> **Work order**:
In the listing below, the answer starts at the line that has "β Coffee station: Drip, single" and stops after the line that has "Es importante entender"; please repeat that part exactly and nothing more.

--- Provided records Enclosed Below ---

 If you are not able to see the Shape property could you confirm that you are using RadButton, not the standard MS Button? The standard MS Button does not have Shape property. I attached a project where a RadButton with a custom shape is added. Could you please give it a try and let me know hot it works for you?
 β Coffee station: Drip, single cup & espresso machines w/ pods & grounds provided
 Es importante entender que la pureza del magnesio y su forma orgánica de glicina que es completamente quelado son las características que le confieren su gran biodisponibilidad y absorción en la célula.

--- End of Enclosed Provided records ---
--- Provided records Enclosed Below ---

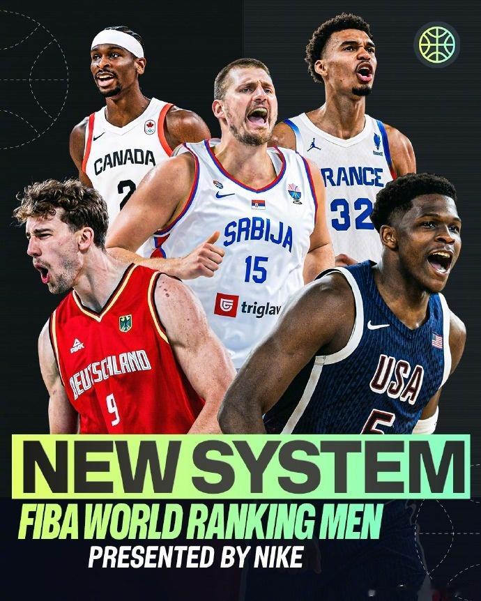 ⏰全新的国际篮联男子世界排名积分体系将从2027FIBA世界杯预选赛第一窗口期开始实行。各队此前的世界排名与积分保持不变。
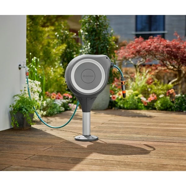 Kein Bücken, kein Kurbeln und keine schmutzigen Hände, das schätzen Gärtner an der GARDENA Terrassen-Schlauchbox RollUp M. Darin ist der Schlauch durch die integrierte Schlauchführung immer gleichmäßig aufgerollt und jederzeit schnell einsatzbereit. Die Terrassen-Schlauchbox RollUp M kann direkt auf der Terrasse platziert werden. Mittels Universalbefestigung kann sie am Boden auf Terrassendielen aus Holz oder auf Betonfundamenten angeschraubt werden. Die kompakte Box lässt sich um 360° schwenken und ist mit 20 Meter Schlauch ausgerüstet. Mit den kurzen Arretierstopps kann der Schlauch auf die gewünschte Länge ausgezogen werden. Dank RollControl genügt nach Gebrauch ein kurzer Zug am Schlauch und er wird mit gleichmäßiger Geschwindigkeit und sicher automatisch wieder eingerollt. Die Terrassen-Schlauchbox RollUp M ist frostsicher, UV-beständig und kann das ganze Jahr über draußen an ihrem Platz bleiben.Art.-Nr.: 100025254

--- End of Enclosed Provided records ---

> **Written response**:
 β Coffee station: Drip, single cup & espresso machines w/ pods & grounds provided
 Es importante entender que la pureza del magnesio y su forma orgánica de glicina que es completamente quelado son las características que le confieren su gran biodisponibilidad y absorción en la célula.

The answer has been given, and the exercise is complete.